RavinderSingh13 · January 18, 2016, 5:49am

Hello martinsmith,

Could you please try this and let me know if this helps. I am ignoring case sensitivity here so it will match all kind of same words either they are in capital or small letters.
So let's say following is the Input_file:

One and a Two
Unix.com is the Best
This as a Line Line
Example duplicate sentence with the word DUPLICATE
UNIX is very good GOOD

Now following is the code for same.

awk 'BEGIN{IGNORECASE = 1} {for(i=1;i<=NF;i++){for(j=1;j<=NF;j++){if($j==$i){A[$i]++;}};if(A[$i]>1){for(i in A){delete A;next}}};print;for(i in A){delete A}}'  Input_file

Output will be as follows.

One and a Two
Unix.com is the Best

Thanks,
R. Singh

martinsmith · January 18, 2016, 5:58am

rudic:

From what length is a "string" a string? Is "a" a string?

---------- Post updated at 11:40 ---------- Previous update was at 11:40 ----------

Does case matter?

---------- Post updated at 11:43 ---------- Previous update was at 11:40 ----------

As a starting point:
awk '{for (i=1; i<=NF; i++) for (j=i+1; j<=NF; j++) if ($i == $j) next}1' file
One and a Two
Unix.com is the Best

The string length was between 3 to 12 characters. ( words which were identical ).

I tried your solution and it works like a charm. Thank you Rudi

---------- Post updated at 07:58 PM ---------- Previous update was at 07:53 PM ----------

ravindersingh13:

Hello martinsmith,

Could you please try this and let me know if this helps. I am ignoring case sensitivity here so it will match all kind of same words either they are in capital or small letters.
So let's say following is the Input_file:
One and a Two
Unix.com is the Best
This as a Line Line
Example duplicate sentence with the word DUPLICATE
UNIX is very good GOOD
Now following is the code for same.
awk 'BEGIN{IGNORECASE = 1} {for(i=1;i<=NF;i++){for(j=1;j<=NF;j++){if($j==$i){A[$i]++;}};if(A[$i]>1){for(i in A){delete A;next}}};print;for(i in A){delete A}}'  Input_file
Output will be as follows.
One and a Two
Unix.com is the Best
Thanks,
R. Singh

Thanks R. Singh. It worked but seems to have taken some extra lines out. I believe Rudi's solution matched the patterns/words exactly since some words were similar spelling but different.

Anyways Much Thanks as usual.
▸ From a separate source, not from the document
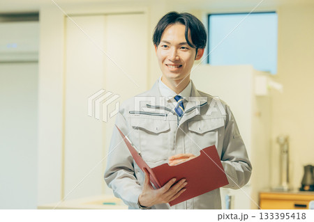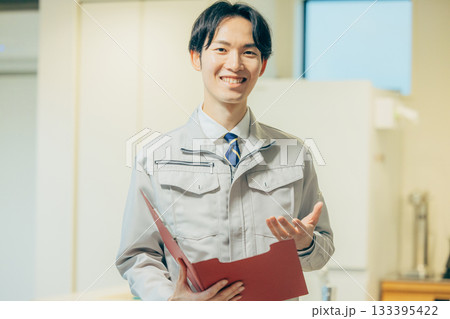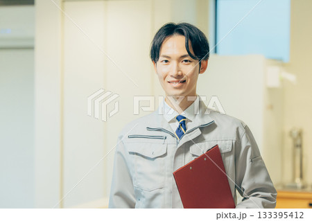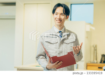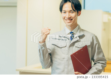 日勤専属のブロックと作業着を着たミドル男性ビジネスマン
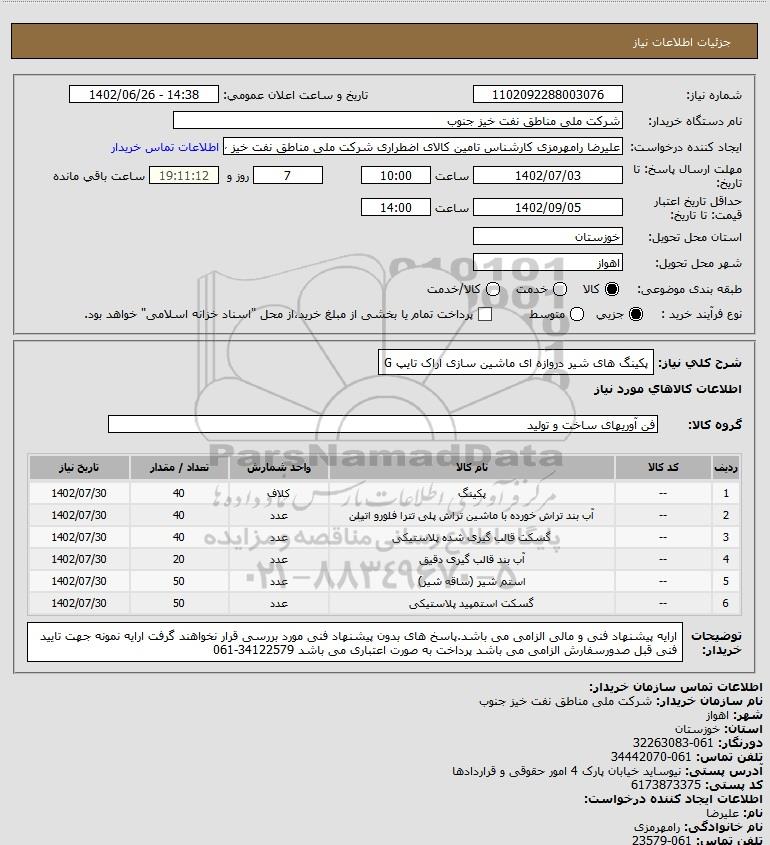 نام دستگاه خریدار:شرکت ملی مناطق نفت خیز جنوب

Cheers

Scrutinizer · January 18, 2016, 6:16am

Adapting RudiC's suggestion for case independence and minimum string length:

awk '{for (i=1; i<NF; i++) for (j=i+1; j<=NF; j++) if ((tolower($i) == tolower($j)) && length($i)>=3) next}1' file

--
Note: IGNORECASE is GNU awk only.

RavinderSingh13 · January 18, 2016, 8:31am

Hello martinsmith,

Adding one more solution here without 2 time loops, which may help you here. Let's say following is the Input_file.

One and a Two
Unix.com is the Best
This as a Line Line
Example duplicate sentence with the word DUPLICATE
UNIX is very good GOOD

Then following is the code.

awk '{for(i=1;i<=NF;i++){A[tolower($i)]};if(NF == length(A)){print};delete A}'  Input_file

Output will be as follows.

One and a Two
Unix.com is the Best

EDIT: Above solution should work fine but each time condition will be invoked in for loop so a little change as follows will avoid that also.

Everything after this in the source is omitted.